Dem folgte das OLG Koblenz und erlegte die Kosten des Verfahrens dem Auftraggeber auf mit folgender Begründung: Es sei die Pflicht des Auftraggebers, den Bieter vor einem sinnlosen Nachprüfungsverfahren zu bewahren, indem er ihn entsprechend informiere. Ob diese Pflicht aus § 134 GWB bzw. § 19 EU Absatz II 1 VOB/A folge, ließ das OLG Koblenz offen. Jedenfalls folge eine entsprechende Pflicht aus § 241 Abs. 2 BGB. Der Auftraggeber müsse auf eine Rüge hin den Bieter vollständig über alle mit der Rüge zusammenhängen Umstände informieren. Zwischen den Parteien bestehe ein Schuldverhältnis gemäß § 311 Absatz 2 Nr. 1 BGB anlog. Das OLG stellte klar, dass dies auch im EU-Vergaberecht gilt. Auch bei europaweit ausgeschriebenen offenen Verfahren seien beide Seiten zur gegenseitigen Rücksichtnahme verpflichtet. Dies beinhalte die Pflicht, den anderen Teil durch Aufklärung vor eine Selbstschädigung zu bewahren. Dazu gehöre, ihn unaufgefordert über erkennbar entscheidungserhebliche Umstände zu informieren.

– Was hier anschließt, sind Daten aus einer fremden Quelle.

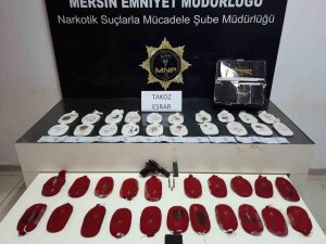 İl Emniyet Müdürlüğünden yapılan açıklamaya göre, Narkotik Suçlarla Mücadele Şube Müdürlüğü ekipleri, il genelinde uyuşturucu madde ticareti yapan şahısların suç unsurları ile birlikte yakalanmasına yönelik yaptıkları çalışmalar çerçevesinde, merkez Akdeniz ilçesinde bulunan bir ikamette narkotik madde arama köpeği "Miror" ile yapılan aramada, 41 paket halinde 7 kilo 950 gram gelen takoz esrar ele geçirildi.
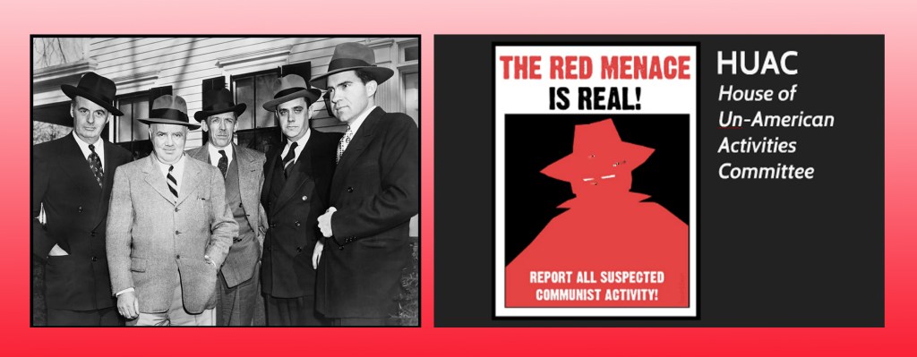 People who aren’t too clear on their history often mix up the House Un-American Activities Committee with the senate committee of Joe McCarthy but the two are separate. The House Committee began stirring things up in 1947 while Joe McCarthy didn’t discover Anti-Communism as a cause until 1950. Once he did, he went at it with a vengeance, grilling ordinary citizens on television about petitions they might have signed years before or meetings they may have attended.

Diese Entscheidung ist erfreulich, denn sie schützt den rügenden Bieter vor einem aufwändigen, für ihn sinnlosen Nachprüfungsverfahren. Sie senkt damit das Bieterrisiko bei Nachprüfungsverfahren. Auftraggeber müssen bei der Abwehr von Rügen entsprechend umsichtig sein.